The New Yorker:
Tina Johnson accused Roy Moore of sexual assault. Then the world moved on, and left her behind.
By Alexis Okeowo
Tina Johnson never had much. She grew up in the sixties, outside of Gadsden, a hilly city in the green mountains of upper Alabama. Johnson’s mother, Katherine, couldn’t read or write, but she knew how to make money. She would leave the house with ten dollars and come back with a hundred, because she had bought a gallon of paint and painted someone’s house. She worked as an electrician—it was a mystery how she’d got her license—and drove diesel trucks. Sometimes she would go to a local warehouse and collect a truckload of potatoes that had been nicked and wouldn’t sell. She’d store them in the basement with lime on them, and the family would eat potatoes for months. “I don’t want to say it like this, baby, but I’m gonna say it—we were like the Black folks,” Johnson told me recently. “We didn’t have the opportunities that white folks had.”

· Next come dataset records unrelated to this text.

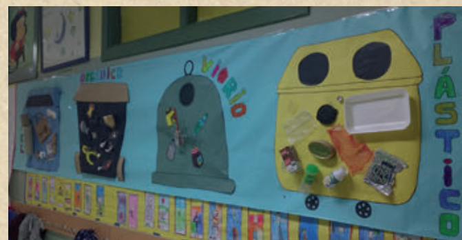
Separación de residuos.
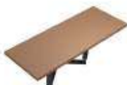
Complément 6 Dim : L. 300 x P. 120 x H. 75 cm
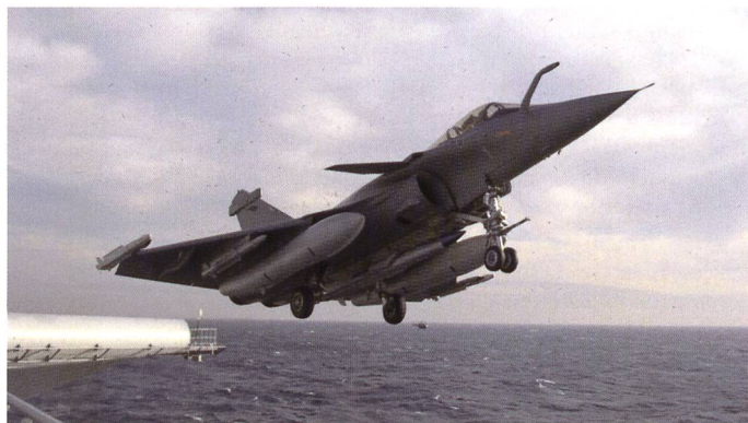
Ci-dessus : Le porte-avions à propulsion nucléaire (PAN) est un moyen permettant d'allonger la portée de la frappe stratégique.

du processus de modernisation, de mise en œuvre opérationnelle des forces et le renouvellement des systèmes. Ainsi, en 2018 pour la première fois depuis près de 20 ans, la barre des 4 Mds € était franchi et atteint en 2021 le niveau de 5 Mds €. Un chiffre qui dès 2023 atteindra 6 Mds € ; un montant annuel qui devrait être celui de ces 15 prochaines années 13 pour pouvoir réaliser l'ensemble des opérations.
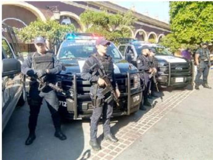
Funcionario dijo que el aumento será paulatino.

“Mientras logremos que esas detenciones sean exitosas, legales y vinculaciones a proceso y judicializaciones sean correctas y como el procedimiento lo demanda, pues logramos eso”, refirió. ■
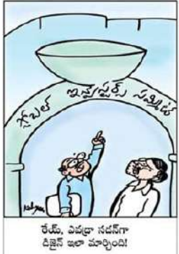
కే.వి. ఎవడూ నడవినా దీక్షలే ఇలా మార్చింది!

గన్నవరం టిడిపి కార్యాలయానికి అర్జునుడు భౌతిక కాయం... చంద్రబాబు నివాళి
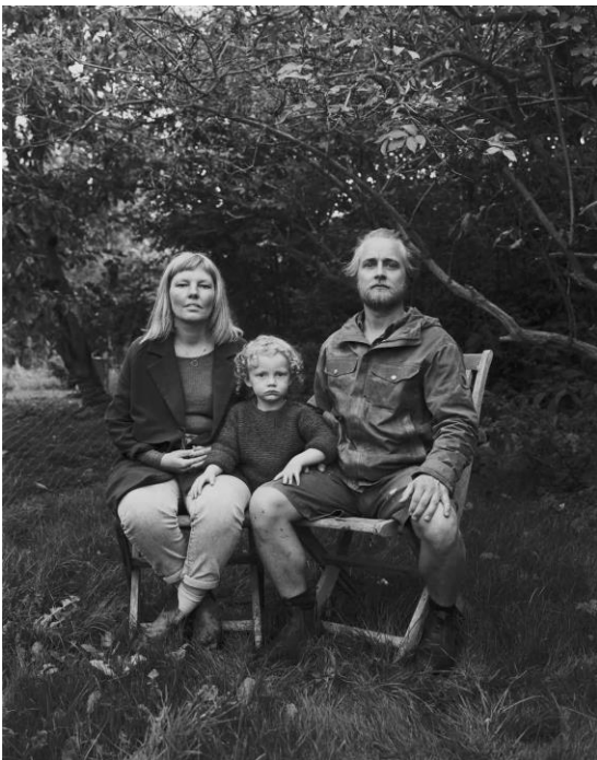
Familie, Samsø, Danmark (2021)
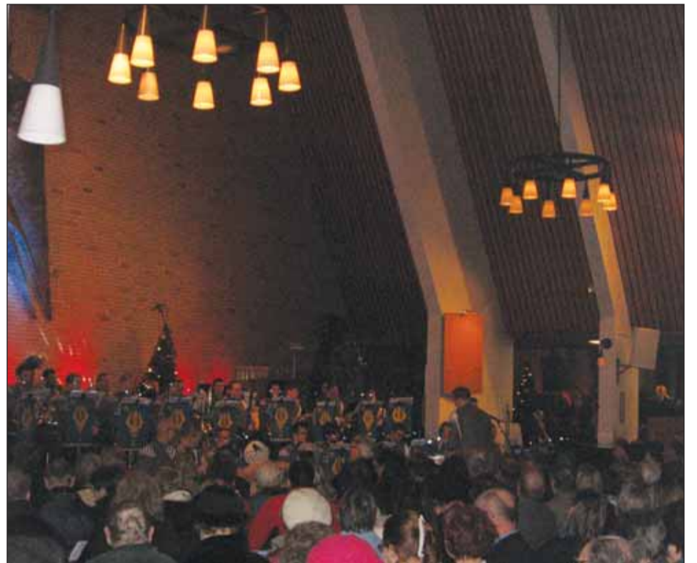
Joulukonsertti veti Lahden Joutjärven kirkkoon peräti reilut 800 kuulijaa.

Johnson was a beautiful girl, with blond hair and radiant blue-green eyes that didn’t seem God-given. And she was scrappy. She helped her mother take care of their hog, cows, and goats. The family grew crops on land they leased: one year they planted green peppers, another year sugarcane. They didn’t have farm equipment, so they cut down the cane themselves, stripped it, and took it to the mill to be turned into syrup, then used the money to go on vacation to Disney World and Yellowstone. Johnson and her siblings didn’t play sports or do extracurricular activities like other kids, so they created their own fun. They went to the lake and made mud pies, climbed trees to gather fruit, and busted open the watermelons that their neighbors grew, to eat the flesh. “We thought that if you ate it in the field, it wasn’t stealing,” Johnson said. (To this day, it’s hard for her to eat watermelon, because she ate so much back then.)